Retype the listing below line for line, but only from the line with "Piękne zielone drzewa" down to the line with "Shoulder Strap |", inclusive. Pictures stay out.

==== PROVIDED RECORDS

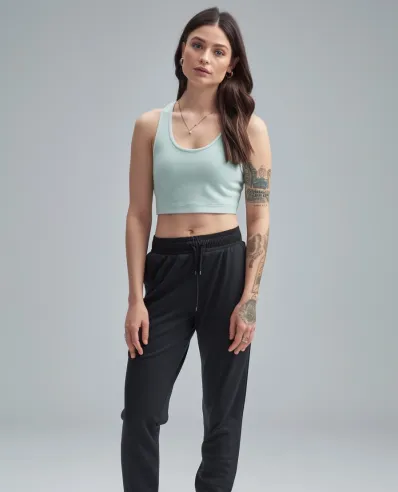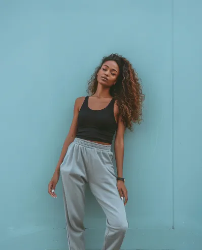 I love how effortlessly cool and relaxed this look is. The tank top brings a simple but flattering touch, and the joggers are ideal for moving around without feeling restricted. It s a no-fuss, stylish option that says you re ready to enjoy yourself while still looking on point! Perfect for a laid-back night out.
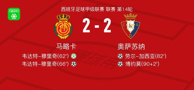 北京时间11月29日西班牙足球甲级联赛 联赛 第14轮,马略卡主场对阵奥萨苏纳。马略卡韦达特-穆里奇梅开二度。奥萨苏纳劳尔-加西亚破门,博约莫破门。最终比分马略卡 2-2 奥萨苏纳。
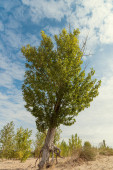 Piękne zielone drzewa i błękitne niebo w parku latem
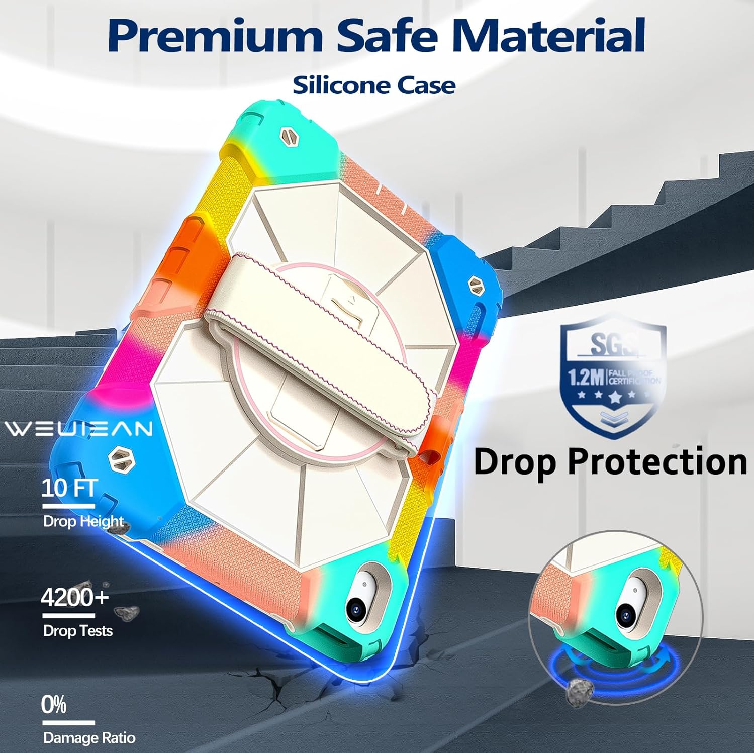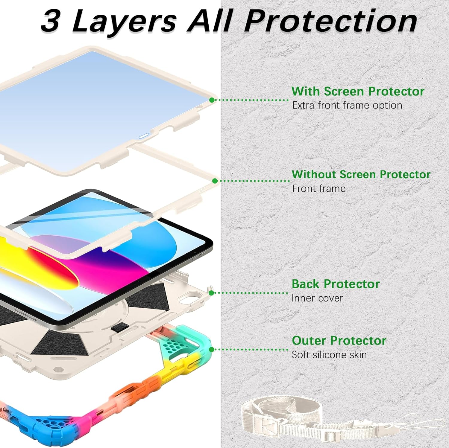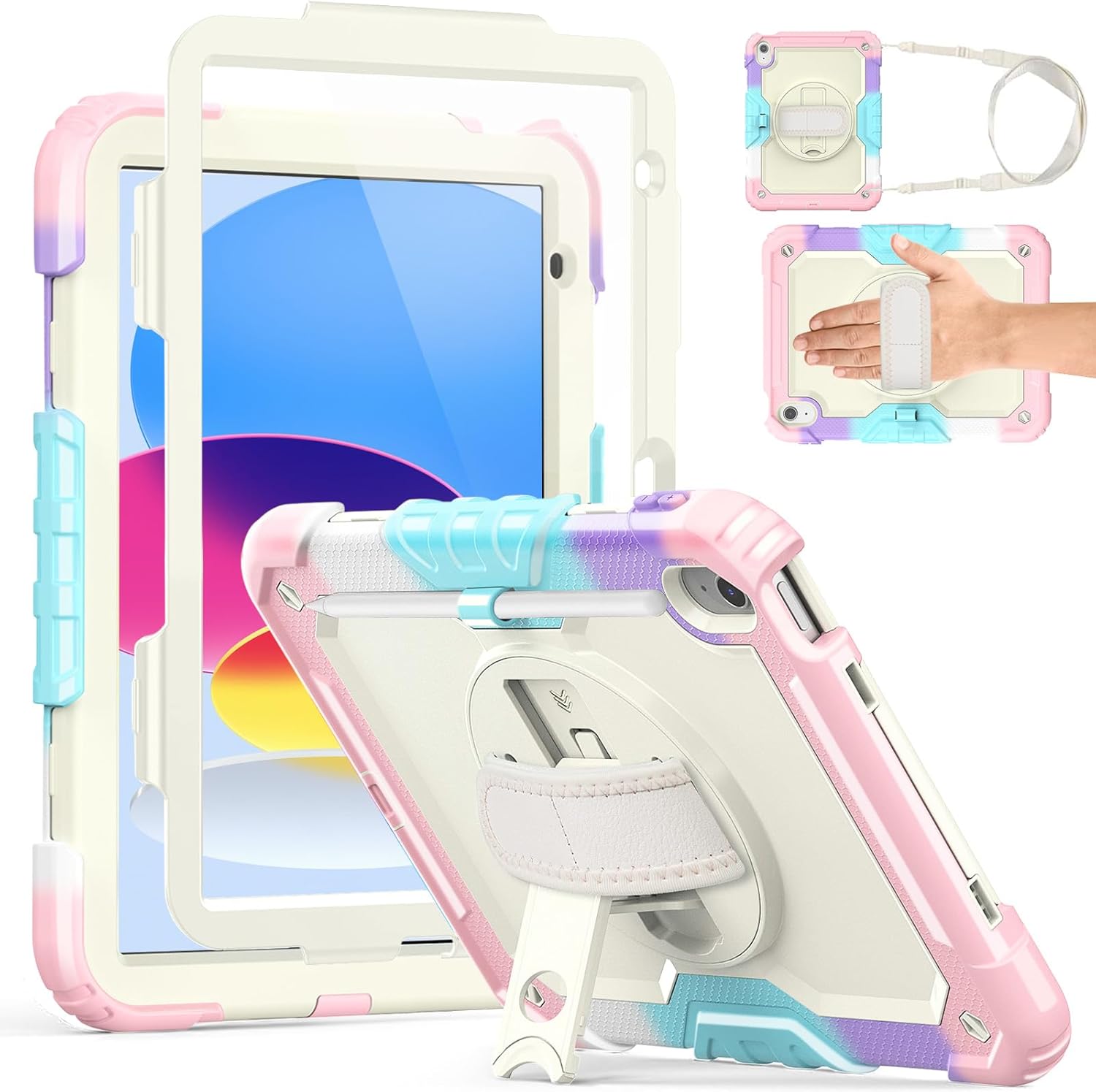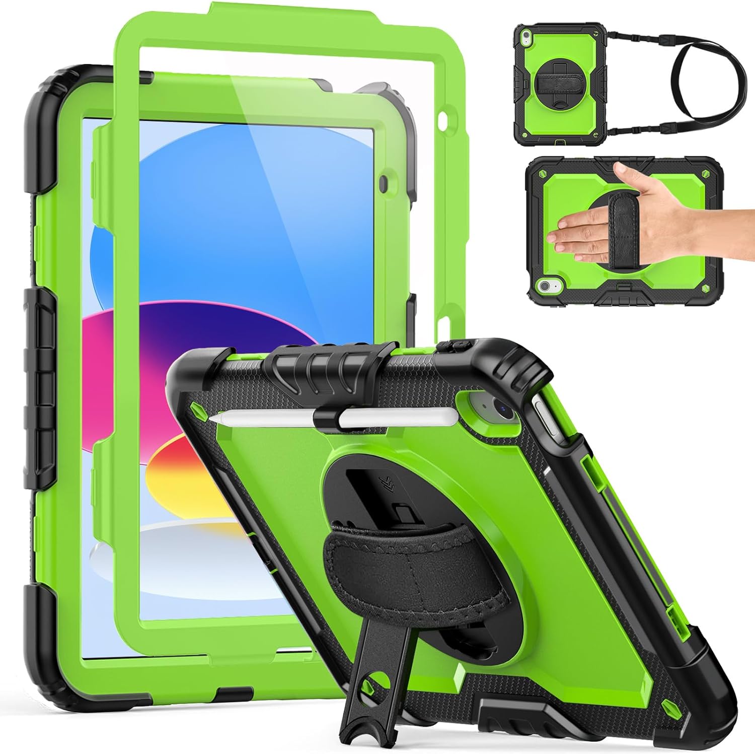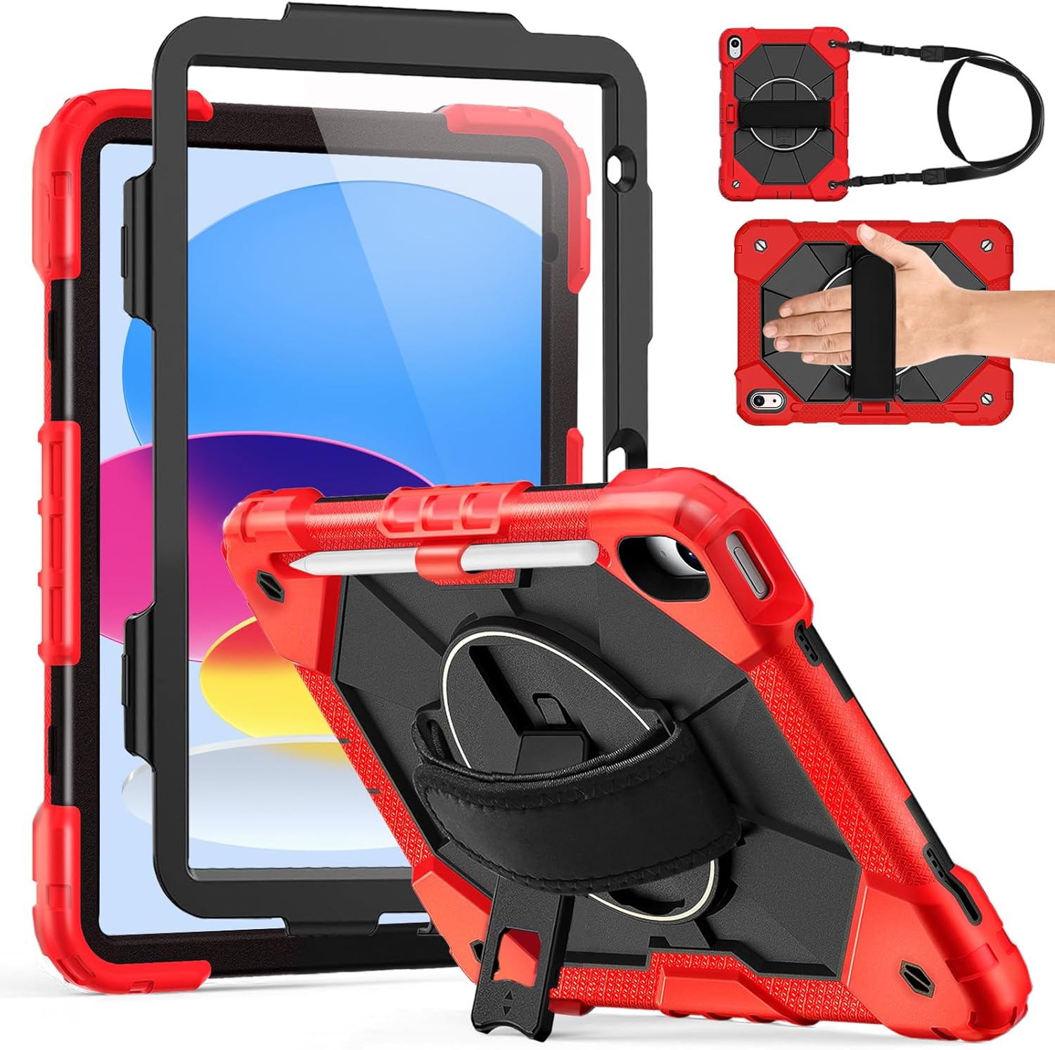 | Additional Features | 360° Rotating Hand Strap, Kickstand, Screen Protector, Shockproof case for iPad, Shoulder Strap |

========
==== PROVIDED RECORDS

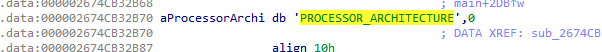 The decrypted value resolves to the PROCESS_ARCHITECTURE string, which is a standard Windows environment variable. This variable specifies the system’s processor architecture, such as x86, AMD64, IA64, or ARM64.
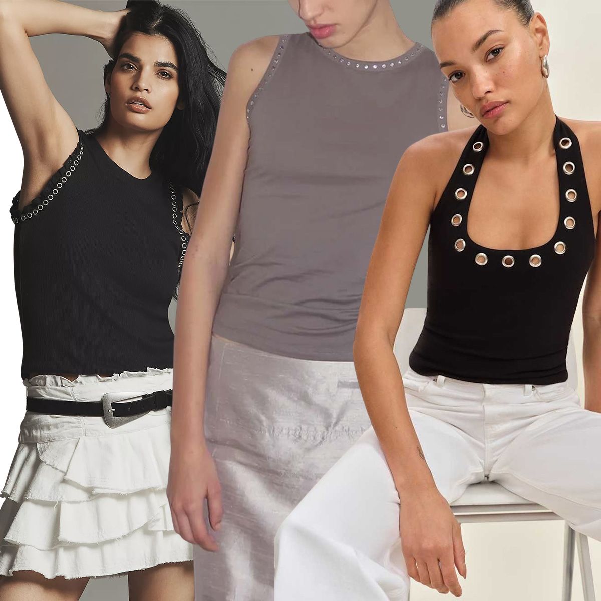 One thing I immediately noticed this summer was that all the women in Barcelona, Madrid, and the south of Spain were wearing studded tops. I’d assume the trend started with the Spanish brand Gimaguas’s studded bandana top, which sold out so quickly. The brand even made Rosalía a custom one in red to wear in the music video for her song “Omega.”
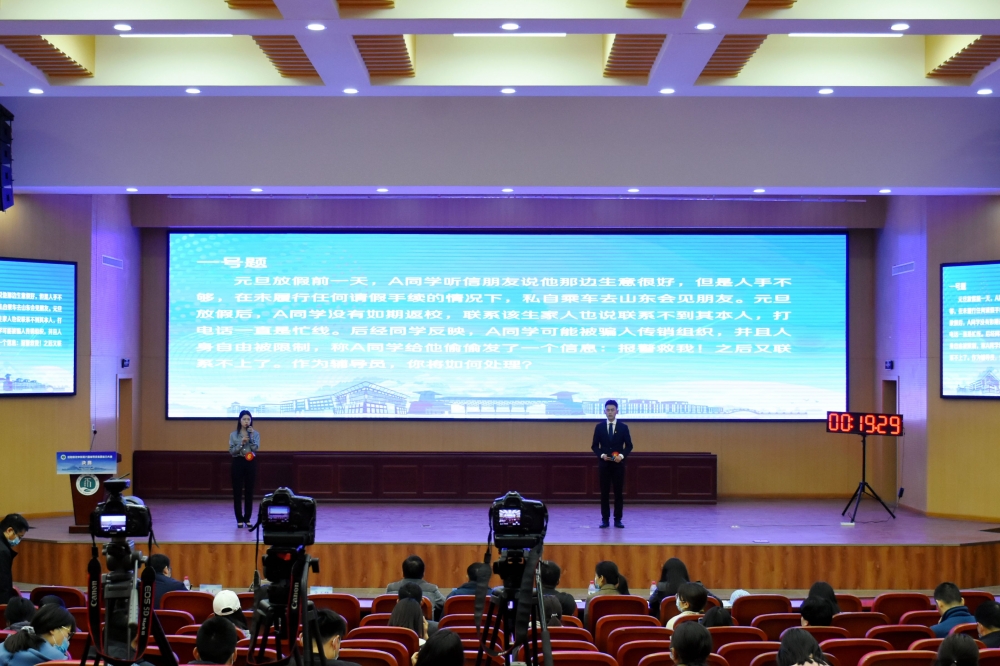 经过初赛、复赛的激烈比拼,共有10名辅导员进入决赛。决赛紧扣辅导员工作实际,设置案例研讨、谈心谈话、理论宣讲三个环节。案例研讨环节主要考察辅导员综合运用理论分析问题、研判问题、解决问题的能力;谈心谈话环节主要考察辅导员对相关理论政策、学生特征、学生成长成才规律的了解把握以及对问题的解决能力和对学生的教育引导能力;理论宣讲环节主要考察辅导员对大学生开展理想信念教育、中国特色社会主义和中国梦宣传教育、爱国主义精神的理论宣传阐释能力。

========

YOUR SOLUTION:
 Piękne zielone drzewa i błękitne niebo w parku latem
 | Additional Features | 360° Rotating Hand Strap, Kickstand, Screen Protector, Shockproof case for iPad, Shoulder Strap |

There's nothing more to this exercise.